Extracted data —
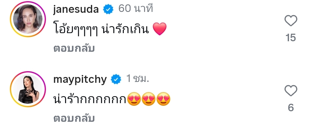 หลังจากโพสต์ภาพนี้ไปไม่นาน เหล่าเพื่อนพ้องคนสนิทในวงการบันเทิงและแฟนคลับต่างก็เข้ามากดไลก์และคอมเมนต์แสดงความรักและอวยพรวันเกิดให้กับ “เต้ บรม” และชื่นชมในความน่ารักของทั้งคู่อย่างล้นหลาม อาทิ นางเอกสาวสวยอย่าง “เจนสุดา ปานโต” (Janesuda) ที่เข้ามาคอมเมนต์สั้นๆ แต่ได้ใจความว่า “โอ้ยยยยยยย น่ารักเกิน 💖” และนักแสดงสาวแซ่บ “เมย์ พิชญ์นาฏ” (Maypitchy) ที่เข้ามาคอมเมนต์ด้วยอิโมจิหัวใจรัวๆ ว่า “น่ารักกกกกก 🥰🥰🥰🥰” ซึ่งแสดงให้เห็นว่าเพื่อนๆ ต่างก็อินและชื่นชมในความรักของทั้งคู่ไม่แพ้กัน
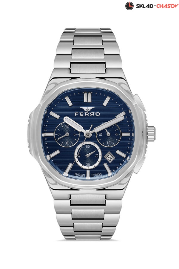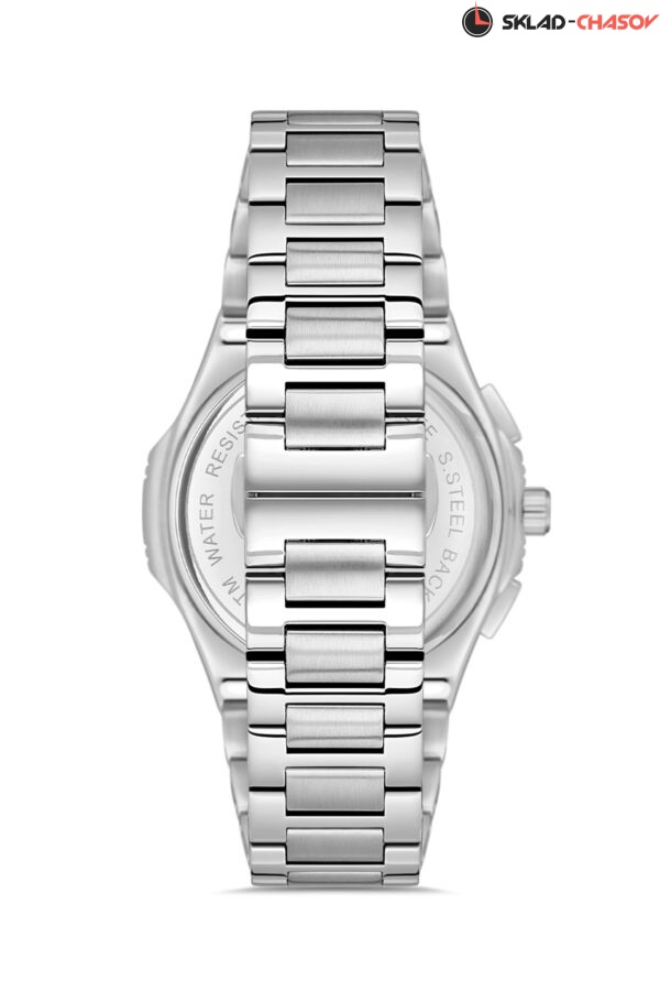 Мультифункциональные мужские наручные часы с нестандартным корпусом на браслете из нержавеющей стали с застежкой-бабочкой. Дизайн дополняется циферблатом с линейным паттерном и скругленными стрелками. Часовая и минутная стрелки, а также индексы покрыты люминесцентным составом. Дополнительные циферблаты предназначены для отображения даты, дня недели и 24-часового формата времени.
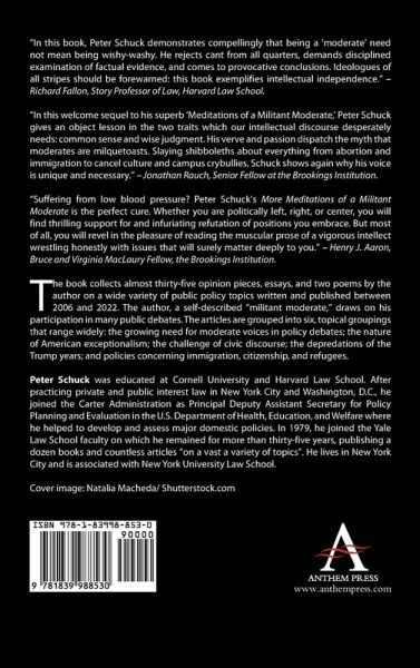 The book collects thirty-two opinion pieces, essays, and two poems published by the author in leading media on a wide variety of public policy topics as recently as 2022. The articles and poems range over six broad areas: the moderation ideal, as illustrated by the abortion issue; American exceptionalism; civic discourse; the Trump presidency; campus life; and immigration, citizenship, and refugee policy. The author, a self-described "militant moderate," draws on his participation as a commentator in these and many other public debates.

...

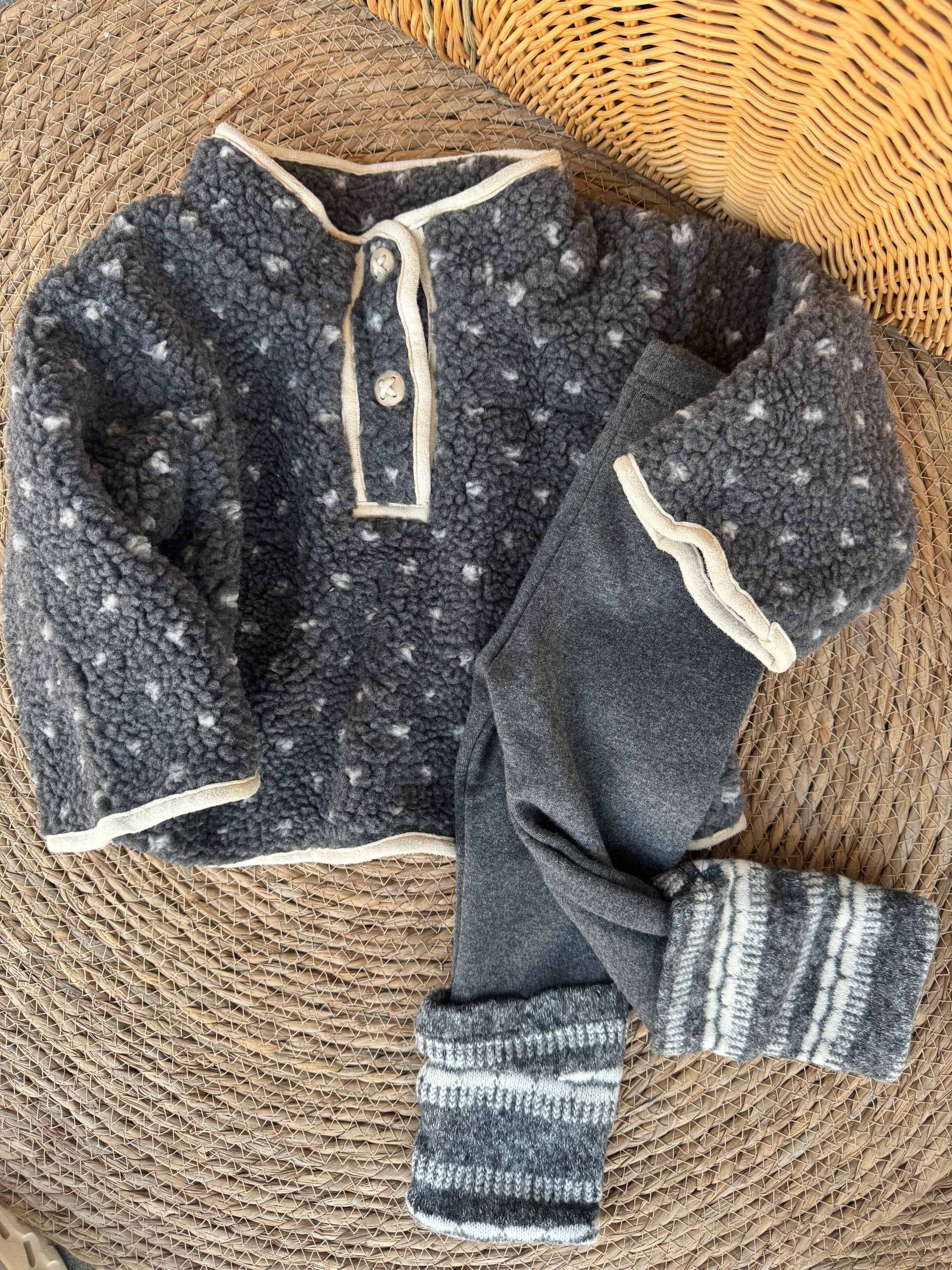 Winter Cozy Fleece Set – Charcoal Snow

Task prompt — Look above and copy only the lines from the one holding "Мультифункциональные мужские наручные" to the one holding "The book collects", both included, exactly, minus the pictures.

Finished exercise —
 Мультифункциональные мужские наручные часы с нестандартным корпусом на браслете из нержавеющей стали с застежкой-бабочкой. Дизайн дополняется циферблатом с линейным паттерном и скругленными стрелками. Часовая и минутная стрелки, а также индексы покрыты люминесцентным составом. Дополнительные циферблаты предназначены для отображения даты, дня недели и 24-часового формата времени.
 The book collects thirty-two opinion pieces, essays, and two poems published by the author in leading media on a wide variety of public policy topics as recently as 2022. The articles and poems range over six broad areas: the moderation ideal, as illustrated by the abortion issue; American exceptionalism; civic discourse; the Trump presidency; campus life; and immigration, citizenship, and refugee policy. The author, a self-described "militant moderate," draws on his participation as a commentator in these and many other public debates.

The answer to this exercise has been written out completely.